Daylight is a Managed Agentic Security Services (MASS) company. Its AI MDR service was built on this architectural commitment from the start, which is why Daylight provides the best coverage for Wiz Defend. It is able to investigate all Wiz Defend alerts fully.
Investigations are executed by an agentic investigation engine that pulls relevant telemetry, organizational, and historical context from across cloud, identity, and SaaS systems, allowing signals to be correlated and investigated across environments.
The integration-depth question is worth asking any MDR being evaluated on cloud. Anything below substantial alert-type coverage on a major CDR vendor signals an integration that exists on paper without the investigation substrate behind it.
Frequently Asked Questions About CDR
Should We Deploy a CDR Tool Before or After Engaging an MDR?
Most cloud-mature teams deploy CDR first because the visibility gap they had was specifically in cloud detection. The MDR question follows. Buying the MDR first and adding CDR later usually exposes the gap this article describes, because the MDR's substrate is already in place before the cloud signal mix arrives.
Beyond Wiz Coverage, What Else Should We Ask an MDR About Cloud Signals?
Ask three things. First, what cross-system correlation actually looks like when an IAM event in AWS triggers an identity check in Okta and an audit-log query in Salesforce, and ask to see a real investigation rather than a description. Second, what share of cloud alerts the MDR resolves to a verdict without escalating back to you. Third, what cloud context the provider maintains for your environment, such as asset criticality, role sensitivity, and OAuth grant status, and who is accountable for keeping it accurate.
What if Our Current MDR Is Escalating Cloud Alerts Back to Us?
That is the diagnostic. Push the MDR on the architecture. Ask whether the gap is staffing or substrate. The honest answers vary, but if the architecture was not built for cloud signal mix, no amount of additional hiring or cross-training closes the gap. Contract timing and switching cost determine whether the answer is to push for incremental improvement or to evaluate alternatives.

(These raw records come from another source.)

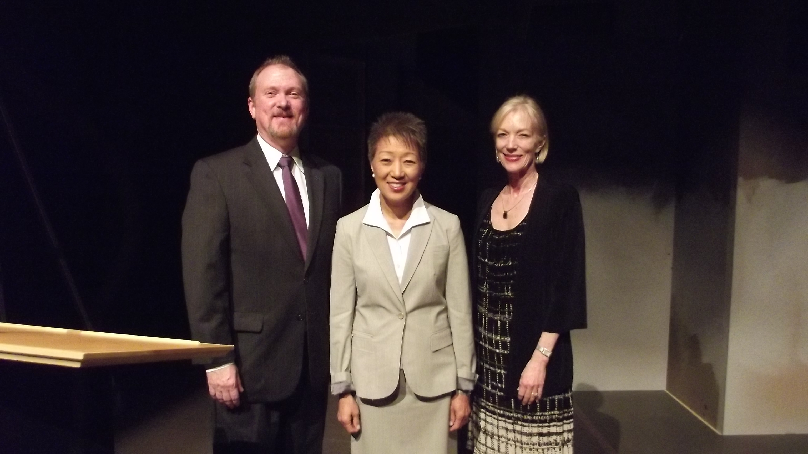 The Rep's Bob Hupp and Catherine Hughes flank NEA Chair Jane Chu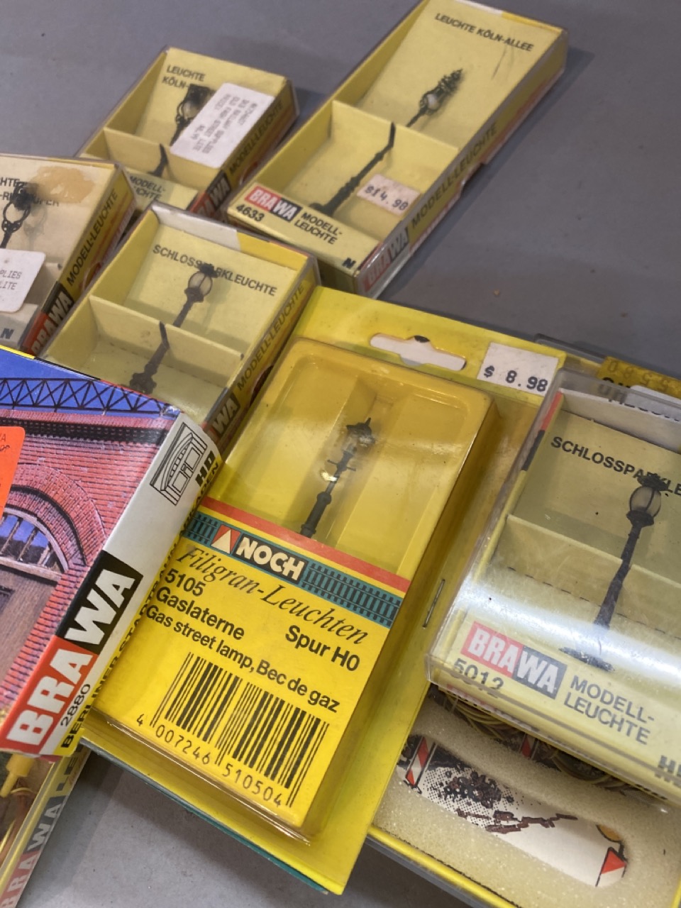 Sixteen (16) Piece Brawa German HO scale miniature accessories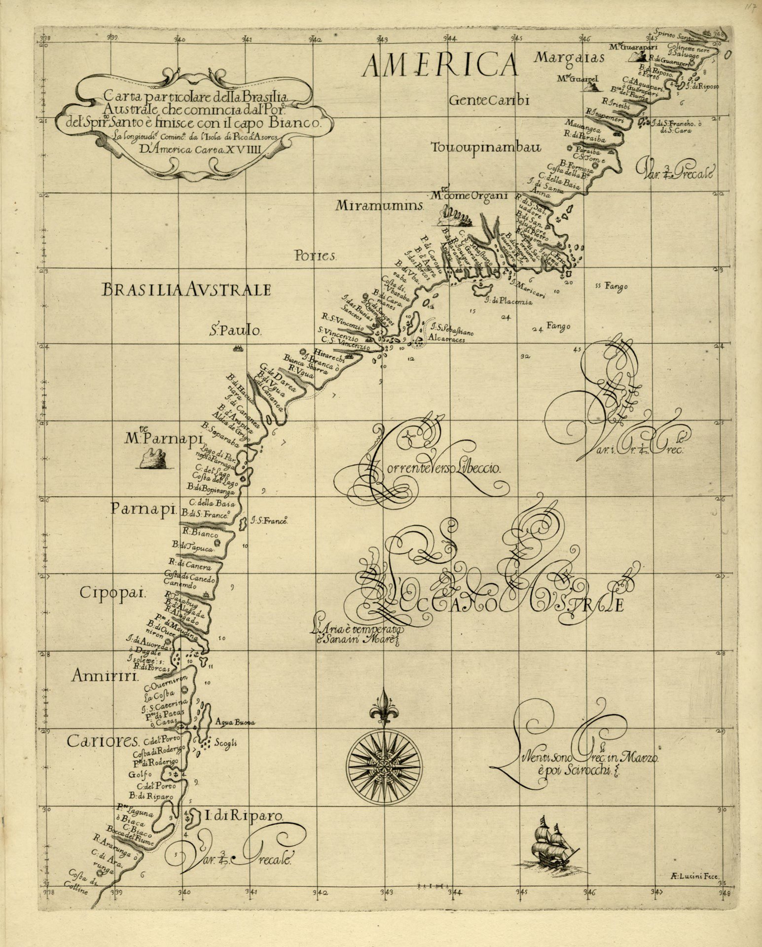 Dudley, Sir Robert. Carta Particolare della Brasilia, che comincia dal Porto del'Spirito Sancto è finisce con il capo Bianco. In: Dell Arcano del Mare. 1646. Disponível em: . Acesso em: .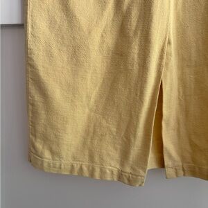 butter yellow, midi denim, vintage dress, cotton blend, soft denim, high-waisted, relaxed fit, summery, casual chic, retro style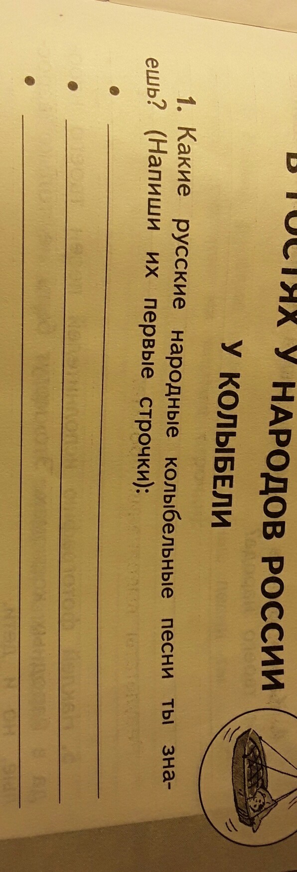 1. Какие русские народные колыбельные песни ты знаешь? (Напиши их первые строчки) : ●_______________________ ●_________________________●______________________ (3 ответа)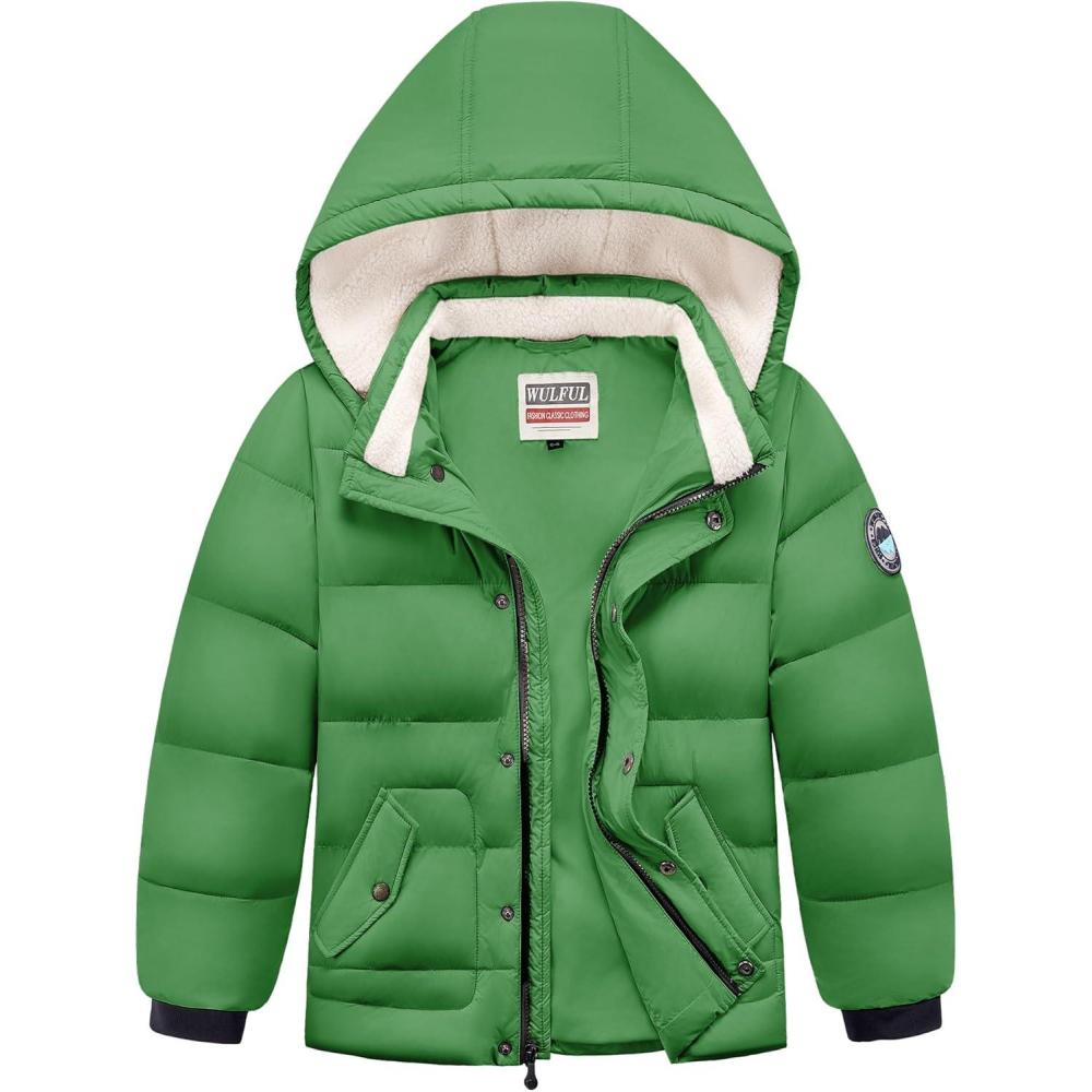 imageWULFUL Kids Boys Winter Coat Detachable Hat Puffer Windbreaker Warm Cotton Jacket Parka Down Outdoor CoatsGreen

Is CDR the Same as CWPP or CNAPP?
No. CWPP addresses workload-level security (process behavior, runtime activity, container security). CSPM addresses cloud configuration posture. CNAPP bundles those plus other cloud security capabilities. CDR sits across cloud control plane, identity, and SaaS detection and is the runtime detection layer for cloud environments specifically. The categories overlap in marketing copy more than they do in practice.